How I Learnt To Express Myself Better
I am an introvert.
The earliest memory I have of getting into trouble about my introversion was may be 20-22 years ago as a young girl in rural Kenya. Visitors would come, and as a well trained child I’d welcome them, serve them tea/fruit, then leave them in the living room by themselves as they waited to see my mom or father. I knew I was supposed to talk to people, but I just didn’t know how to talk to strangers. I was also very poor at sharing my thoughts and emotions. Often when I got into trouble, I’d just cry, because I didn’t know how to really say stuff without it coming out all jumbled.
Fast forward to the business world, and the first few years of my career were fine. I was an Excel geek, and I didn’t really need to talk to anyone even in the office. I was not good with words, it would take me a whole day to put together a 1 page letter. Voluntary writing (what I do here) was unimaginable.
Then I became a manager. Management is not about being good at doing stuff, but it is about getting others who are good at doing stuff to do it to your standard. This means not just ordering them around, but learning to communicate effectively, but also inspiring them enough for them to want to do stuff, beyond what you pay them for. To do this, I needed to talk, almost all the time!
I wish I can say I moved from total introvert to Barack Obama in 2 weeks by following xyz steps. I cannot. I am not Barack Obama, will never be, but I express myself pretty well (both in writing and verbally). I have come to enjoy expressing myself. My current career curve is in training, and the prospect of spending 2 days at a time with total strangers does not fill me with dread. I’m not a career writer (and I have no dreams of that), but this blog and my Twitter account are testament to the fact that I’m a decent communicator in writing. So what helped?

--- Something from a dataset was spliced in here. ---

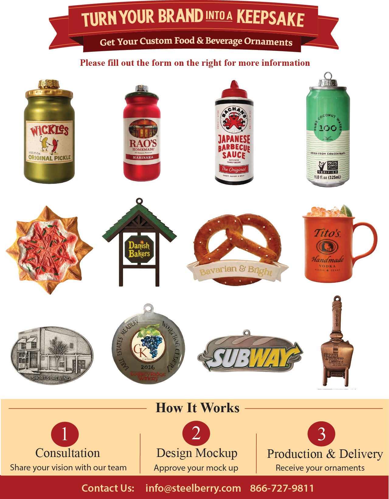 SteelBerry creates premium custom ornaments for food and beverage brands. Perfect for holiday gifts, promotional giveaways, and packaging accents that showcase your logo and elevate your brand
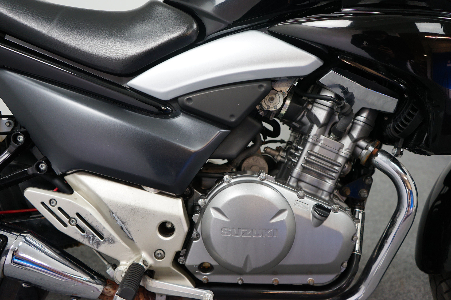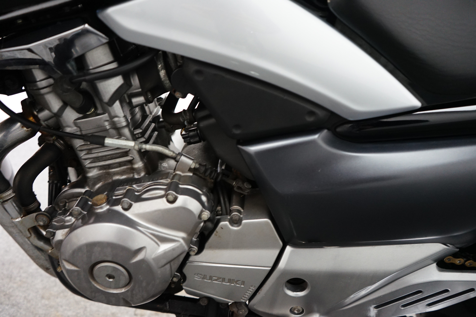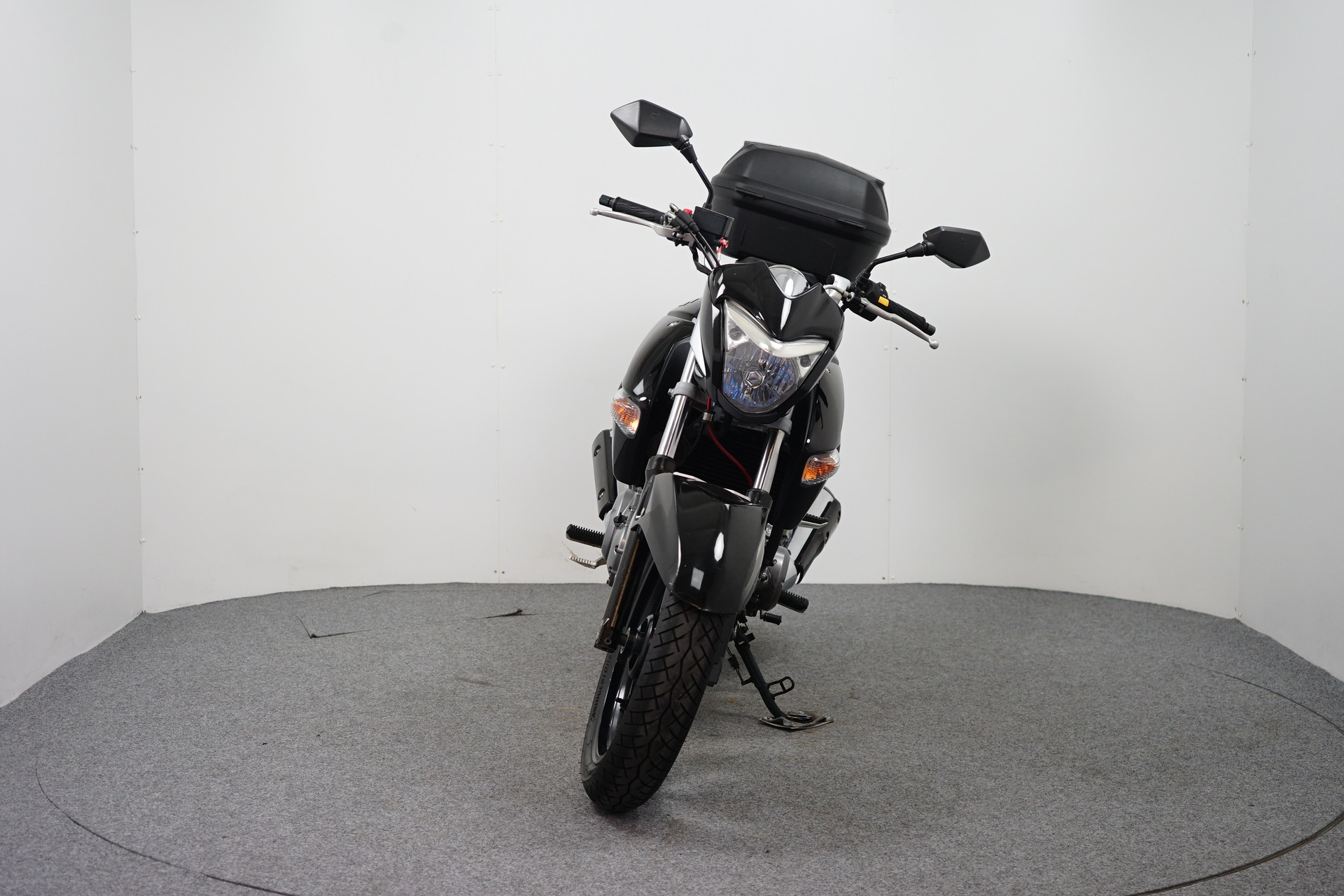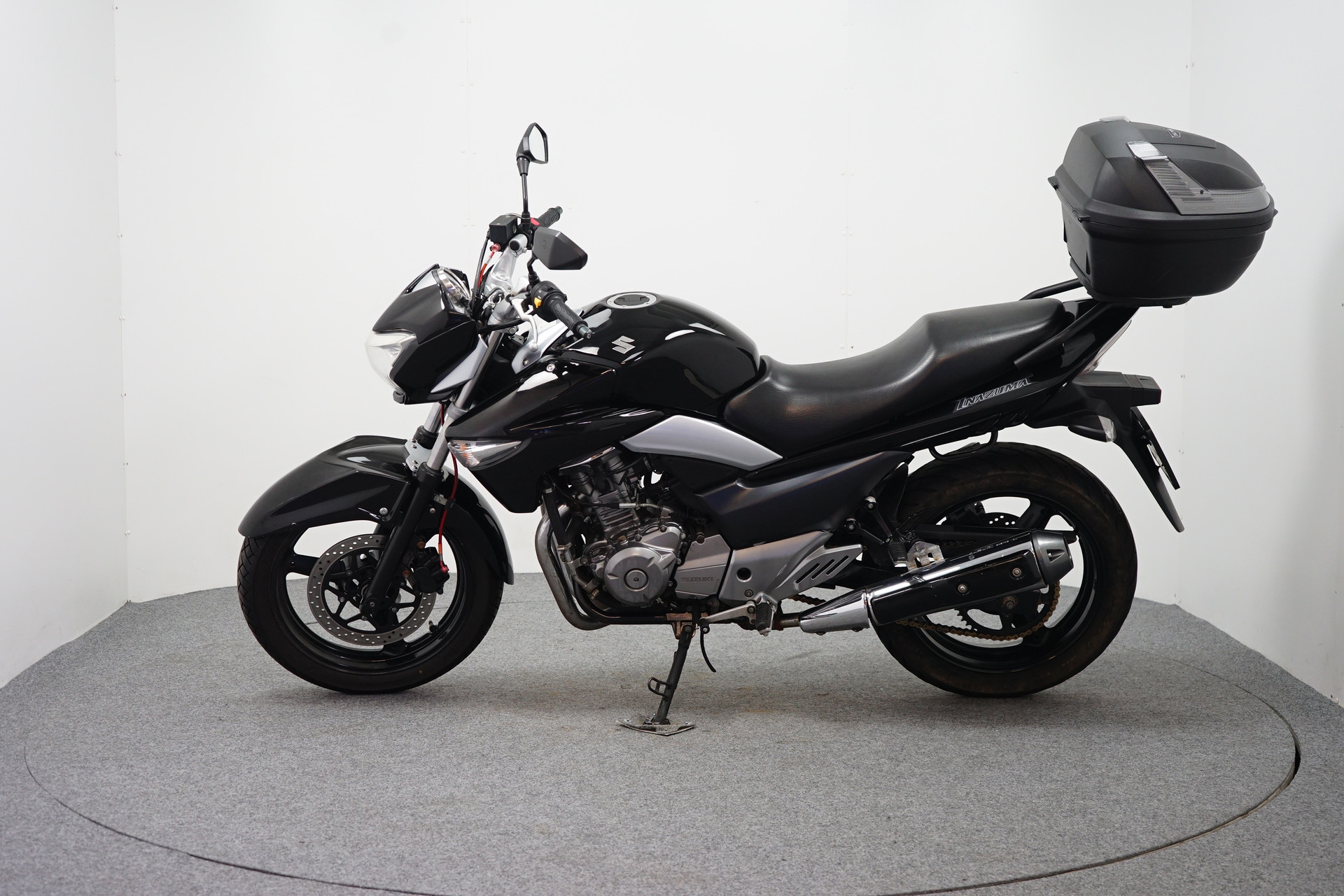 Een in nette staat verkerende Suzuki GW 250 met Topkoffer en Versnelling indicator.

Reflecting on the last 10 or so years, there are things I have done that have helped me:
a) Widening my reading list
For a long time, all I read were “serious books”. Management, finance, behavioral economics etc. I needed to read those books because I was learning on the job career-wise. However, these books were not teaching me how normal people communicate. They’re full of jargon, and stiff sentences, and it showed when I needed to write something. They did nothing to my speaking ability.

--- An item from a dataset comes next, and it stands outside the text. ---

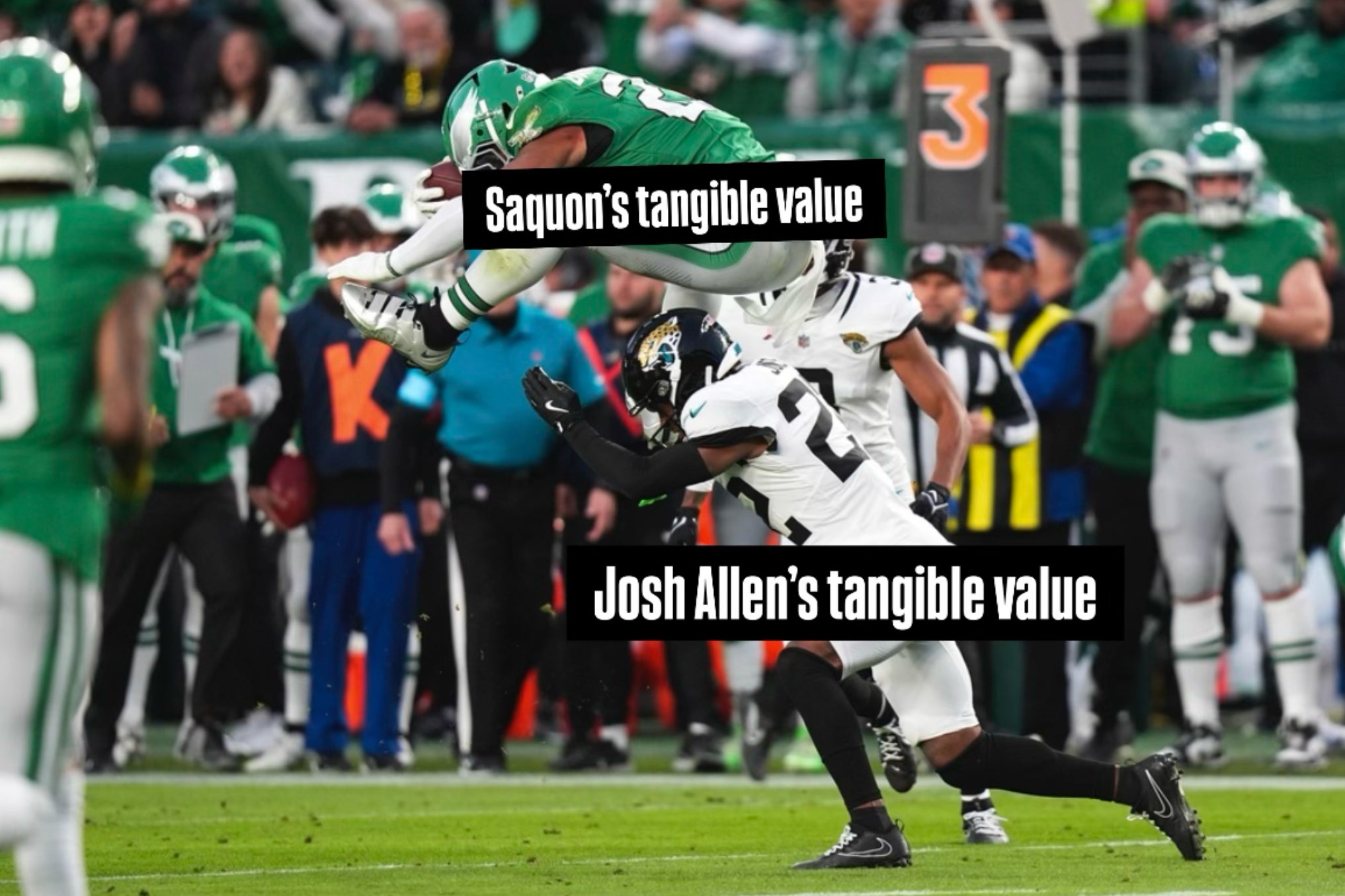 But there's also more basic math here that seemed to be completely ignored when naming Josh Allen the MVP of the the league. What tangible value did Josh Allen bring to the Bills from last year to this year? They went from losing to the Chiefs in the playoffs last year, to losing to the Chiefs in the playoffs this year. Seems like a lateral move, maybe with just a touch of upwards trajectory to me since this year they made it a round further. What tangible value did Saquon Barkley bring to the Eagles from last year to this year? Oh I don't know. The 2023 Eagles suffered one of the most historic collapses in NFL history last year, were the laughing stock of the league at the end of the year, and now they're playing for another Super Bowl thanks to a 2000+ yard season from Saquon.

To learn how to express myself, I added two genres to my library;
- memoirs;
- what I call “normal stories”.
Memoirs because reading one’s life story is ordinarily boring, but great writers are able to make their life stories interesting. Memoirs taught me how to develop an interesting voice for a mundane topic, and how to talk about myself without coming off as narcissistic and self obsessed. “Normal stories” are fiction reads that are either based on historical happenings, or day-to-day living that I can relate to. Similarly, “Normal stories” taught me how people who are really good at expressing themselves talk. I didn’t learn by copying them though, more like reading that stuff so much, I over time found myself getting better at expressing my thoughts.

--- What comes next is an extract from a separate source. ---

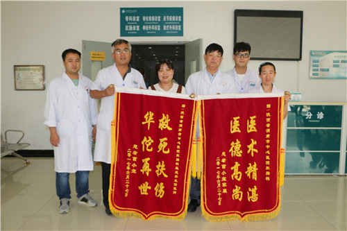 “这次确实要好好感谢赵医生,没有他的治疗,我丈夫早就没命了!非常非常感谢他......”6月28日上午11时30分,患者曹某的妻子将两面早已准备的感恩锦旗送到了肛肠科赵志学主任手中,以此赞扬该科室精湛的医术、高尚的品德和关怀备至的工作态度。

b) I showed up: I over time started offering to speak in public, something I actively avoided all my life. At work, this was by doing investor presentations, answering Q&As during meetings etc. This at first was like pulling teeth. I remember I worked for my first presentation for 2 weeks, then practiced before my mirror for a whole week before finally presenting to an audience of 20 for 30 minutes. Needless to say, it was a flawless presentation, and it gave me courage to do more. Today, I still need to prep. For this 5 minute TV slot, I probably spent an hour reading up and structuring my thoughts, but the point is, I showed up. A few years back I would have declined to appear on TV.
c) I started writing.
I started writing about things I enjoyed and knew a lot about. I didn’t attend a writing course (this is obvious, right?), I instead chose to write just like I speak. Normally.
Introverts are not usually totally blank when you see them sitting quietly by themselves. We are always having these little conversations with ourselves in our heads 😀 I decided to practice bringing these conversations out of my head, by writing and blogging.
The strange byproduct of this is, writing has made me a good speaker, and being a good speaker has made me a better writer. If you’ve followed my blog since 2009, you can see how my voice has changed over time.
d) Learnt to ask questions: Instead of wondering what to say, I learnt to instead get people to talk about themselves and their interests. This works in two ways:
- If the other person is talking about themselves, I do not have to say much, I just need to ask follow up questions and to listen to them which works perfectly as an introvert. So whenever I meet a new person, I will introduce myself, leave them to introduce themselves and based on that I ask a follow up question 🙂
- I get to learn new stuff. See what I know, I already know, talking about it does not help me in anyway. However, when other people talk about what they know, I learn new things.
In conclusion, realizing that I needed to work on how I express myself was the most important thing, followed by knowledge that I wasn’t going to become great at this overnight.